● Source material
◆ ◆ ◆
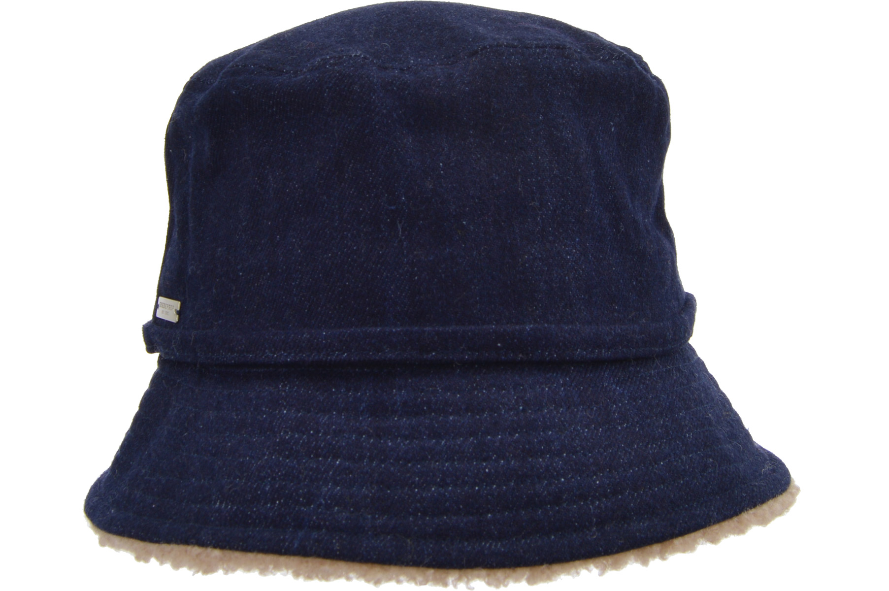 SEEBERGER women cut and sewn hat denim fabric bucket hat with fake fur detail 19756-0
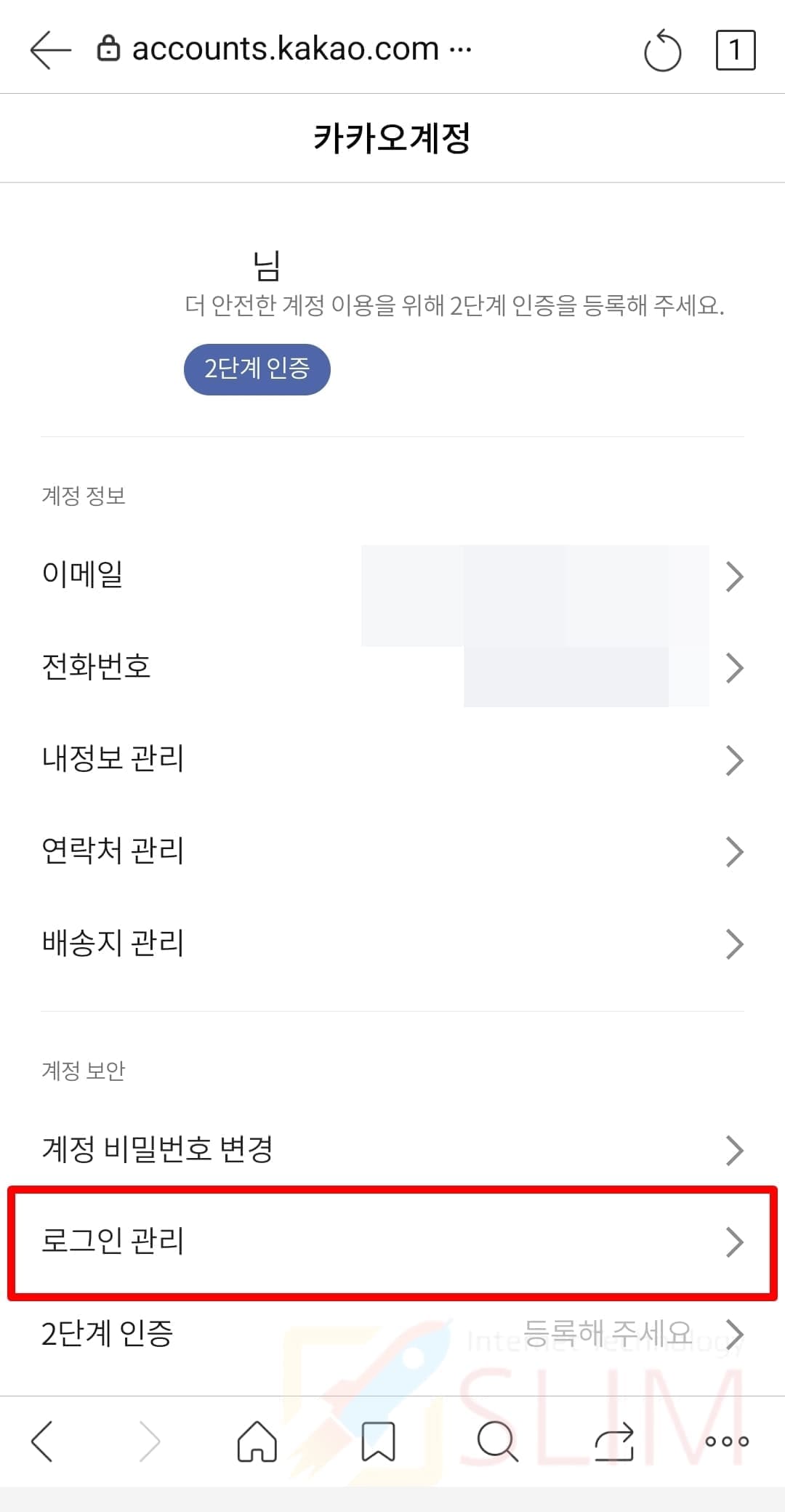 4. 계정 보안 > 로그인 관리를 누릅니다.
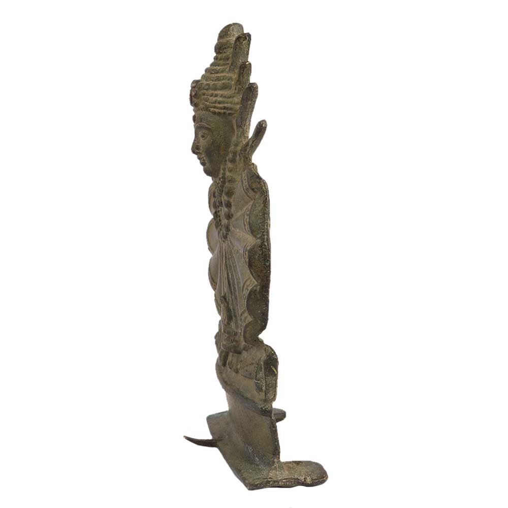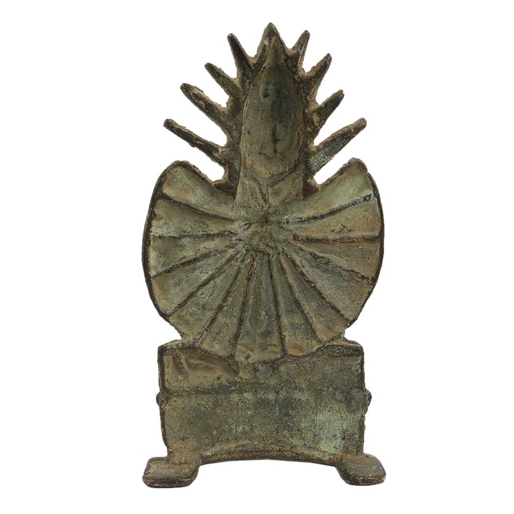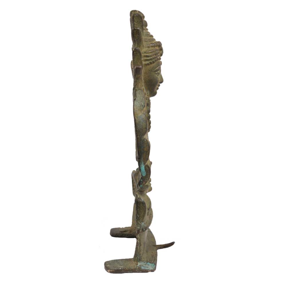 Old Brass Tribal Goddess Mata Statue With Unusual Outfit Made By The Artisans Of The Local Tribe Of India It Has Nice Decorated Work Done On it. This Amazing Showpiece Can Be Placed in Your Living Room or in Your Office as wall hanging and decoration for your interiors.
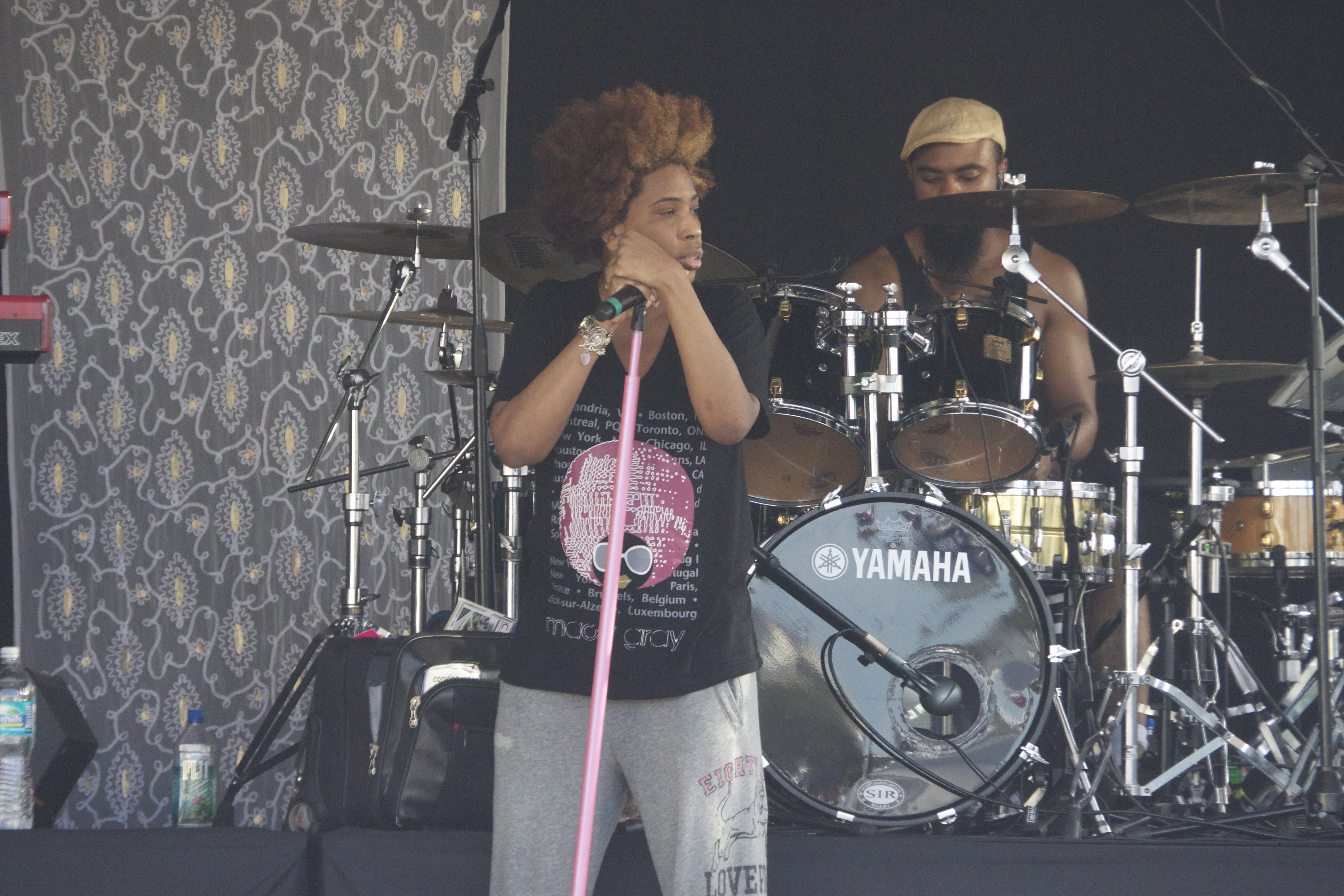 Macy Gray doing a sound check on the dock.
◆ ◆ ◆
● Your objective
Leave the pictures out and copy exactly the lines from the one that holds "4. 계정 보안 > 로그인 관리를 누릅니다." through the last line of the material.

● Problem solution
 4. 계정 보안 > 로그인 관리를 누릅니다.
 Old Brass Tribal Goddess Mata Statue With Unusual Outfit Made By The Artisans Of The Local Tribe Of India It Has Nice Decorated Work Done On it. This Amazing Showpiece Can Be Placed in Your Living Room or in Your Office as wall hanging and decoration for your interiors.
 Macy Gray doing a sound check on the dock.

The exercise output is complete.